Pakistani military chief Gen. Ashfaq Kayani will visit Russia next week in an effort to strengthen Islamabad's military ties with Moscow, The Express Tribune reported Tuesday. Kayani's trip will mark the first official visit to the Kremlin by a Pakistani military head, with the exception of his predecessor, Gen. Pervez Musharraf, who visited Moscow in 2003 as president. Similarly, Russian President Vladimir Putin will visit Pakistan from Oct. 2-4; this will be the first visit by a Russian head of state in Pakistani history.

This type of high-level diplomacy between Russia and Pakistan is unprecedented. Indeed, during the Cold War, Islamabad allied with the United States against the Soviet Union and, along with Washington and Riyadh, supported the Islamist insurgency that would force the Soviets to withdraw from Afghanistan in 1989. However, as an unnamed senior military official noted in The Express Tribune report, Pakistan's interests currently align with those of Russia more than with those of the United States.

Nearly a quarter century after the Soviet withdrawal, U.S.-led NATO forces in Afghanistan are preparing to follow suit. The impending withdrawal has Moscow worried about threats posed by the Taliban and other Afghan jihadists if left unchecked by NATO troops. Islamabad is similarly concerned about the impact that a Taliban resurgence would have on Pakistani security.

U.S. actions since 9/11 have upset the fragile balance of power in the region. In the 1990s, the Russians (along with the Iranians and the Indians) backed the Northern Alliance's fight against the Taliban, who in turn received support from Pakistan, Saudi Arabia and the United Arab Emirates. But the spillover of the Taliban insurgency into Pakistan in recent years — and the resulting deaths of tens of thousands of Pakistani citizens and security forces — has altered Islamabad's views of the Afghan militants. 

As a result, the Pakistanis have been attempting to enhance ties with the Afghan government, as well as with anti-Taliban ethnic minority groups. Pakistan has also sought to repair relations with India, due primarily to Islamabad's desire to avoid a proxy war with its eastern rival in post-NATO Afghanistan.
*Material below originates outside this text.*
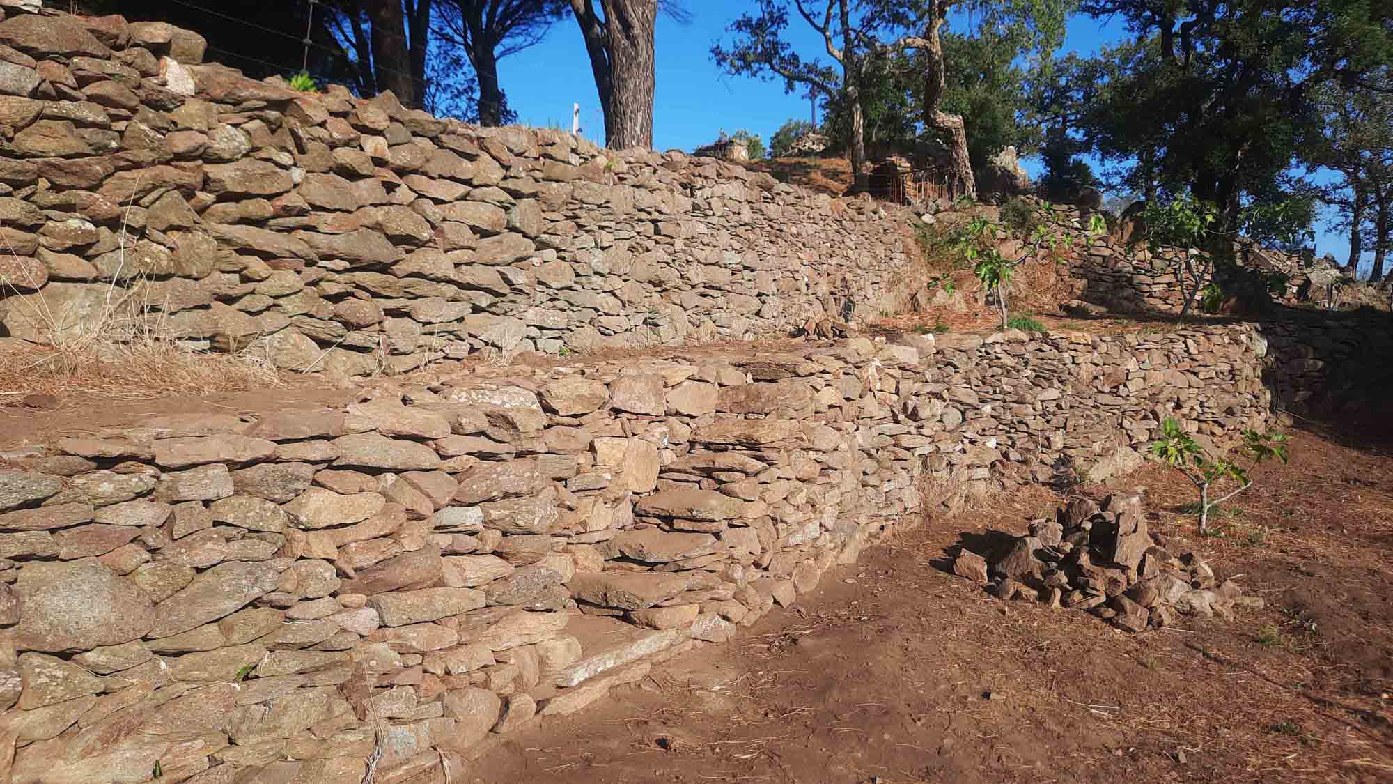 – Un autre mur, non loin du précédent, d’1,20 m de hauteur et 4,40 m de longueur, a été entièrement restauré.

It is thus notable that the shifts in Pakistani foreign policy, especially concerning Afghanistan, are taking place at a time when U.S.-Pakistani ties have soured due to disagreements about how to stabilize Afghanistan and increasing U.S. unilateral action on Pakistani soil. Relations between the two longtime allies reached a breaking point last November after U.S. airstrikes in Pakistan's tribal belt killed 24 Pakistani soldiers. Washington and Islamabad agreed to normalize relations after a monthslong stand-off, but the damage was clearly done. Indeed, The Express Tribune noted that Kayani was originally scheduled to visit Moscow in early August, but the trip was delayed by a series of meetings with American officials designed to repair damaged U.S.-Pakistani relations.

The breach with the Americans pushed Islamabad to try to diversify its foreign policy portfolio and reduce its dependence on the United States. The push stemmed in part from the democratization of policy-making under the current government, which will likely become the first in Pakistani history to complete its term. Moreover, political, economic and security problems in Pakistan have reached all-time highs, forcing the country's civilian rulers and military leaders to agree that Islamabad needs a new strategic outlook. 

The Pakistanis do not believe that an alliance with Russia can replace a partnership with the United States. Rather, Islamabad hopes to increase its foreign policy options by reaching out to Moscow. In turn, the Kremlin has two broad goals for relations with Pakistan: it wants to prevent a deteriorated security environment in post-NATO Afghanistan from destabilizing Central Asia or exacerbating the spread of Islamist militancy within Russia's sphere of influence in places like Tatarstan. Moscow also hopes to gain leverage in a country that has traditionally been in the American sphere of influence. 

To what extent the Russians or the Pakistanis can achieve their objectives remains to be seen. What is certain is that both countries appear to be going to great lengths to overhaul their bilateral relations.